C’est le cri de douleur qu’émit Angelina entre deux hoquets de désespoir qui sortit la famille Draven de sa torpeur. La pauvre femme, accablée de tristesse et sonnée par le choc, perdit les eaux dans la chambre même ou reposait le cadavre de sa fille aînée dans un spectacle qui, d’accablant, devint franchement grotesque. Ses filles réagirent au quart de tour, transportant Angelina dans sa propre chambre. On appela en urgence la sage-femme de la famille, et le docteur. Nicolas Draven, lui, préféra rester planté derrière la fenêtre de la chambre de sa fille Anne plutôt que d’aller au chevet de sa femme.
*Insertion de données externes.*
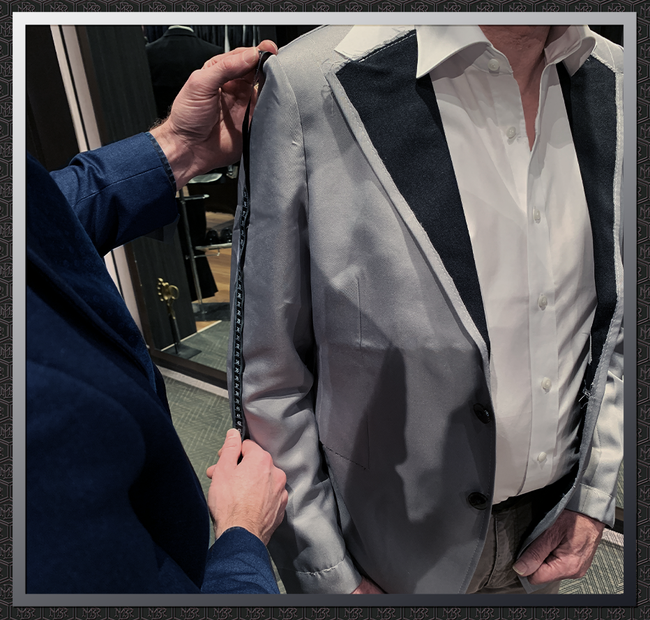 At your preliminary fitting, we perform a 20-point fit check. An expert process most don’t offer. It ensures every detail is precisely right before final tailoring.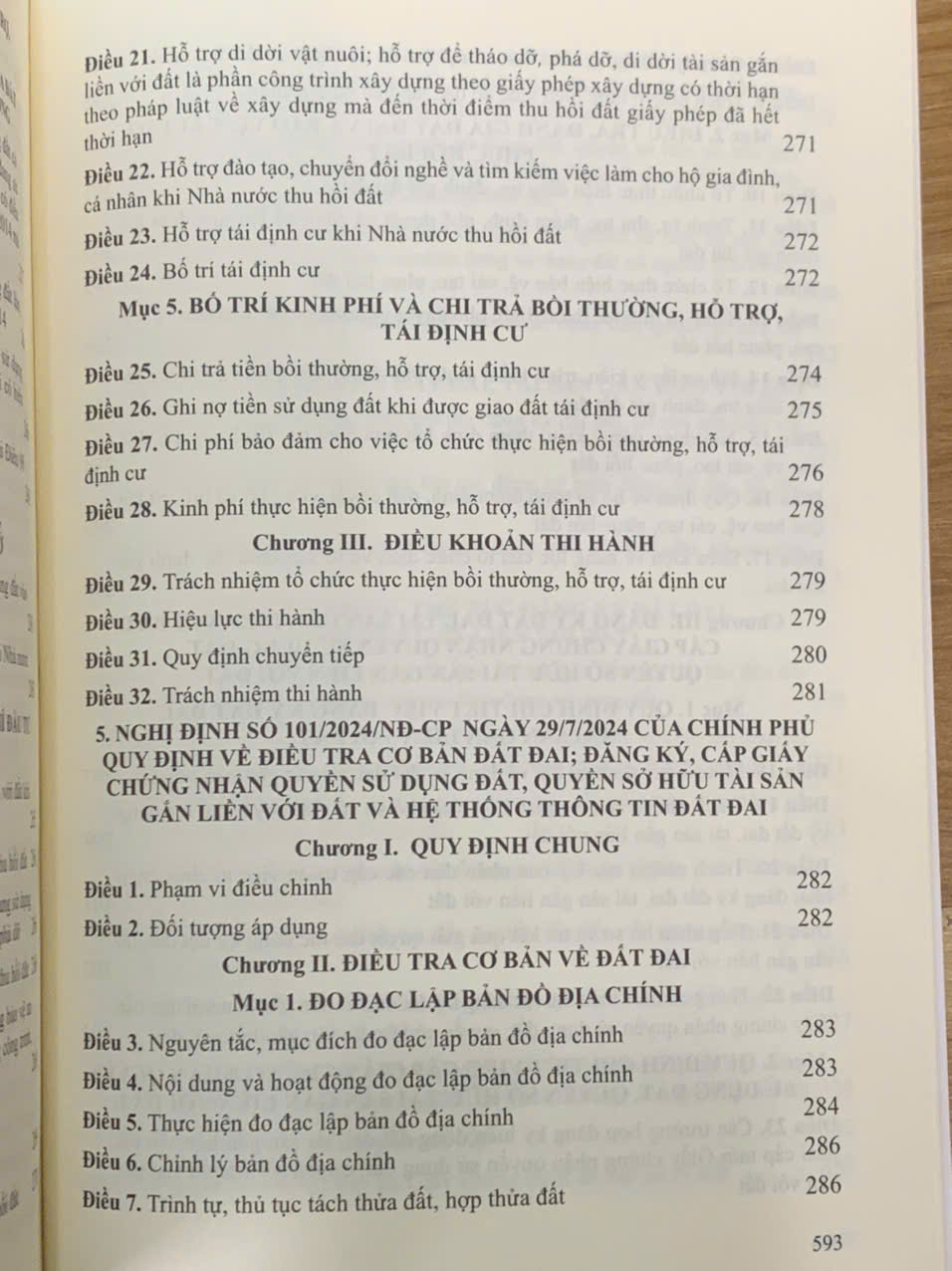 - Nghị định số 101/2024/NĐ-CP ngày 29 tháng 7 năm 2024 của Chính phủ quy định về điều tra cơ bản đất đai; đăng ký, cấp Giấy chứng nhận quyền sử dụng đất, quyền sở hữu tài sản gắn liền với đất và Hệ thống thông tin đất đai

Ce n’est qu’à l’annonce de la naissance de son dernier – ce fils qu’il n’espérait plus – qu’il daigna quitter son aînée. Ce qui aurait dû être un moment de joie intense, de celles liées à la sensation d’accomplissement tant attendu, se transforma donc en souvenir en demi-teinte dans l’esprit pourtant si cartésien et dénué d’émotions de Nicolas Draven.

Le jour de la naissance de son fils était le jour de la mort de sa fille.

Entre joie et tristesse, alégresse et peine, la seule chose tangible à ses yeux demeura finalement la déception que lui procurait sa fille qui n’était pas un fils et qui portait si mal le prénom de son défunt père.